Exercise instructions: Would you repeat the listing below verbatim and drop the images?

Data block:

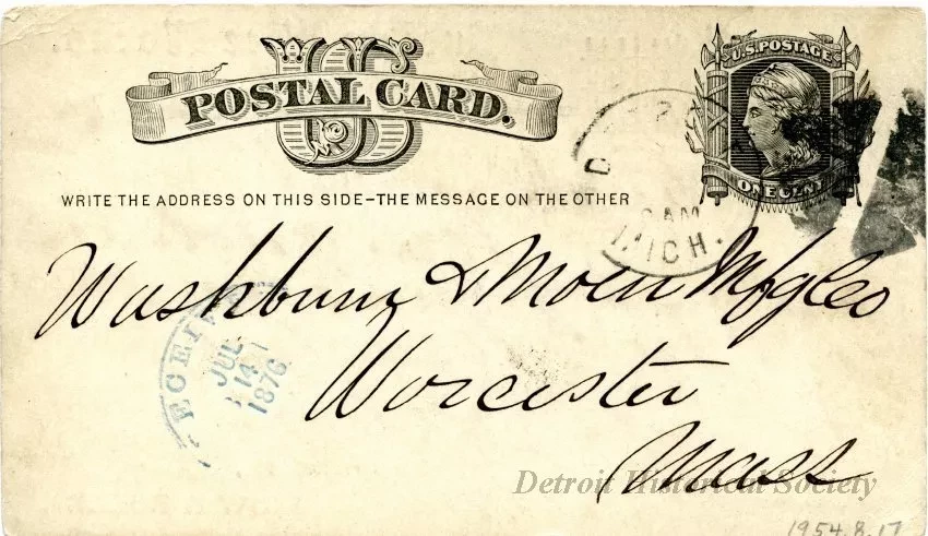 Postcard from Snow's Iron Works of Detroit, Michigan, to Washburn & Moen Manufacturing Company of Worcester, Massachusetts, requesting a quote on galvanized wire, dated July 12, 1876. The postcard has black printed text on white paper with a message that has been handwritten in black ink.
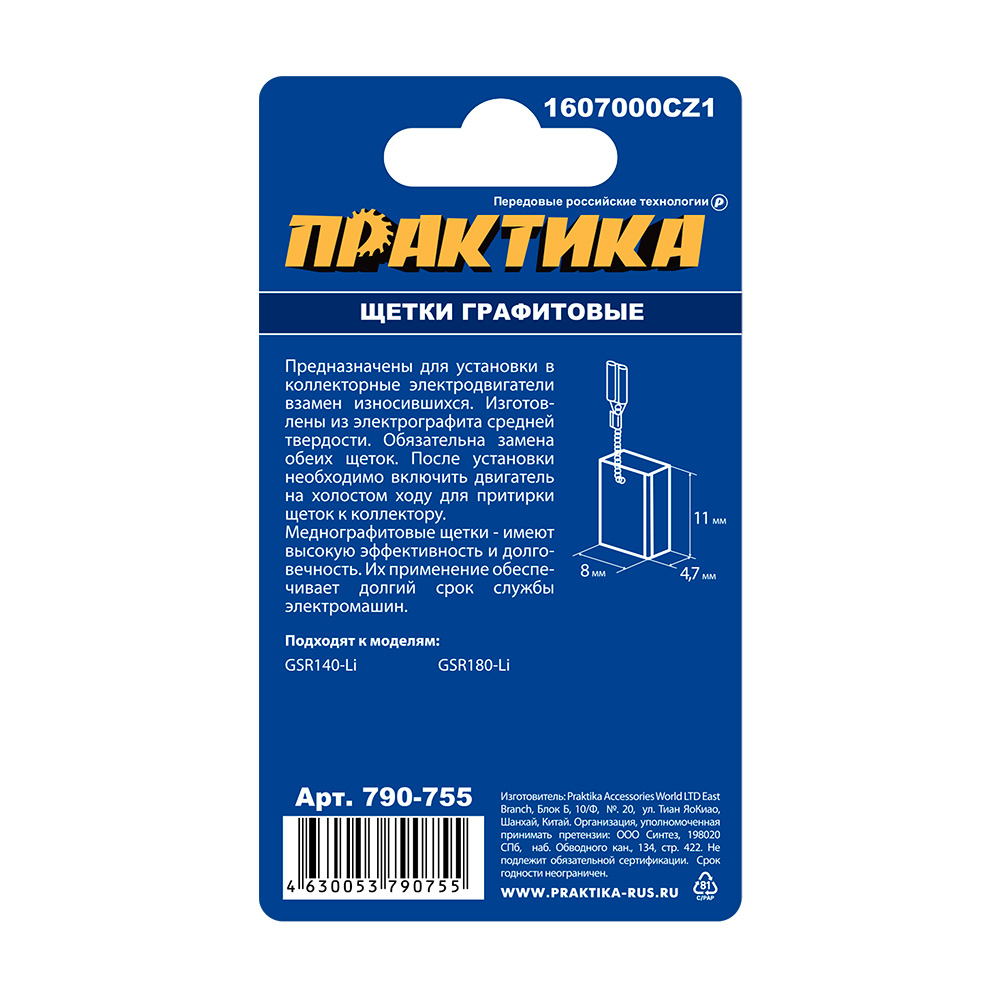 Щетки графитовые для BOSCH №1607000CZ1 с пружиной (4,7x8x11 мм), ПРАКТИКА
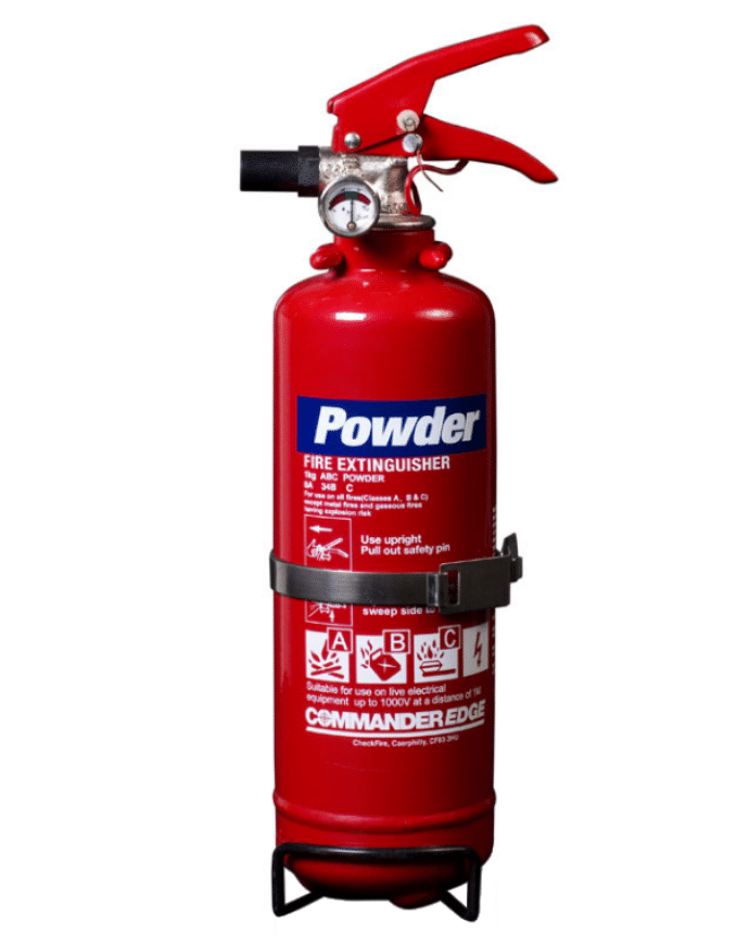 The CommanderEDGE 1kg ABC Dry Powder Fire Extinguisher with transport brackets features a fire rating of 13A 89B C, is Kitemarked to BS EN3, and comes with our full 5-year warranty.

Solution to the exercise:
 Postcard from Snow's Iron Works of Detroit, Michigan, to Washburn & Moen Manufacturing Company of Worcester, Massachusetts, requesting a quote on galvanized wire, dated July 12, 1876. The postcard has black printed text on white paper with a message that has been handwritten in black ink.
 Щетки графитовые для BOSCH №1607000CZ1 с пружиной (4,7x8x11 мм), ПРАКТИКА
 The CommanderEDGE 1kg ABC Dry Powder Fire Extinguisher with transport brackets features a fire rating of 13A 89B C, is Kitemarked to BS EN3, and comes with our full 5-year warranty.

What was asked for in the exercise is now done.